An Analysis of House Price Prediction Using Ensemble Learning Algorithms

Authors

DOI:

https://doi.org/10.37256/rrcs.2320232639

Keywords:

house price prediction, machine learning, ensemble learning, support vector machine, gradient boost, random forest, CatBoost

Abstract

It is very important to understand the market drifts in the wake of booming civilization and ever-changing market requirements. The principal purpose of the study is the prediction of house prices based on current conditions. From historical data on property markets, literature attempts to draw useful insights. Business trends must be understood so that individuals may prepare their budgetary needs accordingly.

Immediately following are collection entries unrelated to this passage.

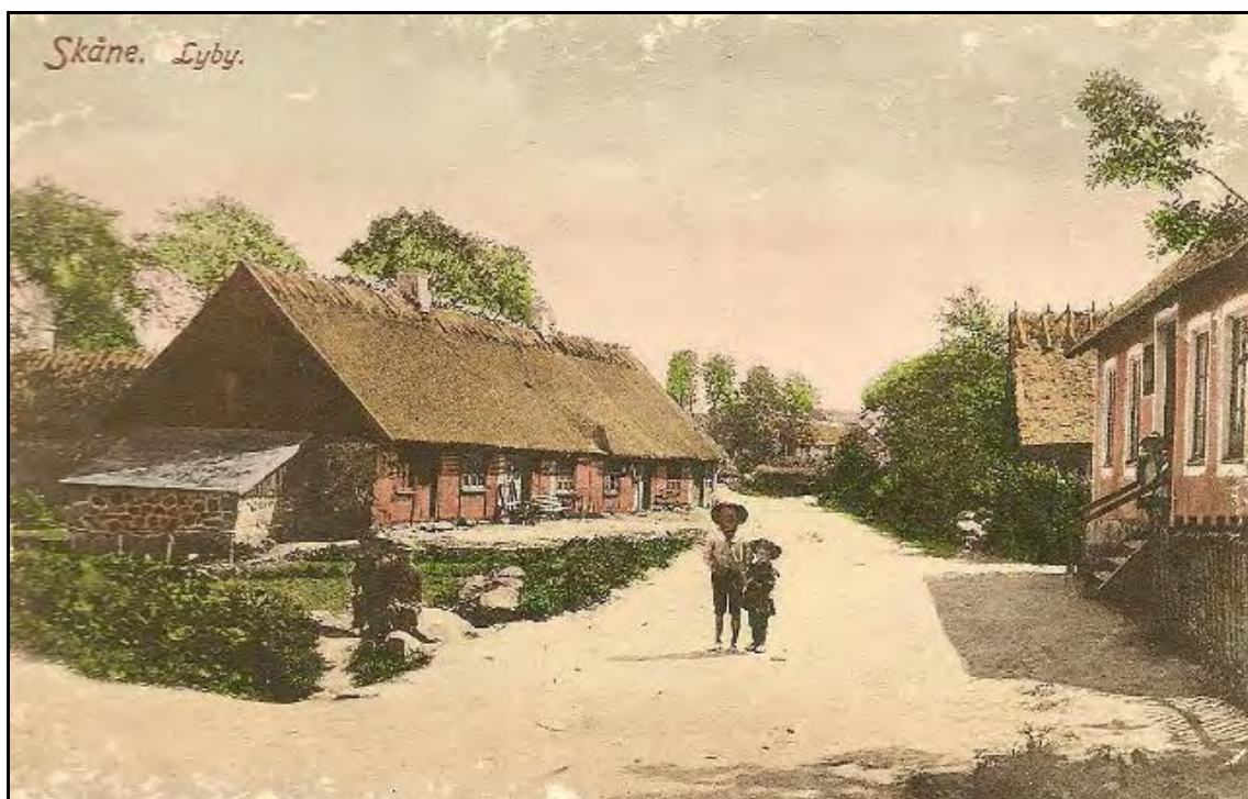
Statarlänga i Lyby som brann ner 1906. Vykort.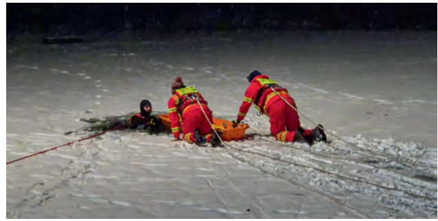
Rettung mit Schleifkorbtrage und Spineboard.

Ein weiteres Augenmerk lag auf der Zusammenarbeit mit der örtlichen Freiwilligen Feuerwehr. Diese brachte ihre Steckleitern ein, die als zusätzliche Rettungsmittel auf dem Eis genutzt wurden. Durch die großflächige Lastverteilung erhöhen sie die Sicherheit der Einsatzkräfte erheblich und ermöglichen eine stabile Annäherung an die Einsatzstelle. Im Rahmen der Übung erfolgte zudem eine ausführliche Einweisung der Einsatzkräfte, insbesondere zu den besonderen Gefahren der Eisrettung.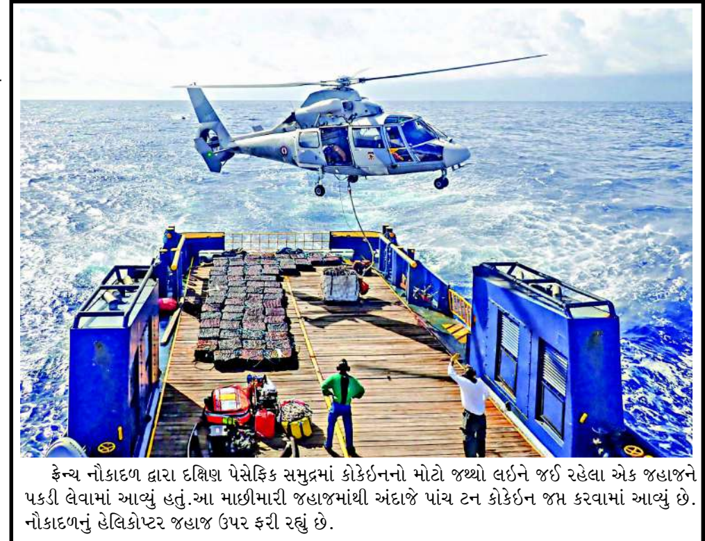
કેન્યા નૌકાદળ દ્વારા દક્ષિણ પેસેફિક સમુદ્રમાં કોકોઈનનો મોટો જથ્થો લઈને જઈ રહેલા એક જહાજને પકડી લેવામાં આવ્યું હતું. આ માછીમારી જહાજમાંથી અંદાજે પાંચ ટન કોકોઈન જપ્ત કરવામાં આવ્યું છે. નૌકાદળનું હેલિકોપ્ટર જહાજ ઉપર ફરી રહ્યું છે.

બોઈ પરના એક પત્રકારના જણાવ્યા અનુસાર, ટેકનિકલ ખામી થોડી વારમાં પ્રેસ કેમિન્ટની લાઈટ્સ બંધ થઈ ગઈ હતી. જોકે, તે સમયે કોઈ સત્તાવાર કારણ આપવામાં આવ્યું ન હતું. ઉડાન ભર્યાના લગભગ અડધા કલાક પછી, પત્રકારોને જાણ કરવામાં આવી કે વિમાન પરત ફરી રહ્યું છે. એરફોર્સ વન વોશિંગ્ટન, ડી.સી. વિસ્તારમાં સુરક્ષિત રીતે ઉતર્યું. ત્યારબાદ રાષ્ટ્રપતિનો સ્ટાફ બેકઅપ વિમાનમાં સ્વિટ્ઝર્લેન્ડના દાવોસ ગયો. વિમાન ઉપાડ્યા બાદ થોડી ઘ

A society that is ever-expanding is driven by the growing real estate industry. A lot of clients have been duped by agents setting up a fake market rate. As a result, the real estate industry has become less transparent in recent years. Due to decreased accuracy and overfitting of data, the previous model reduced efficiency, whereas the newly developed model resolves such issues and provides a rich user interface with a better model. An important part of this study is to develop an extensive model that is beneficial to both business societies and individuals. This is the main objective of this study. In order to simplify the client’s fieldwork and free up his time and money, this software is intended to assist him. Machine learning algorithms enable models to be enlightened such as root mean square error, random forest, support vector machine, k-nearest neighbors, mean squared error, extreme gradient boost, mean absolute error, R-squared score, linear regression, AdaBoost, CatBoost.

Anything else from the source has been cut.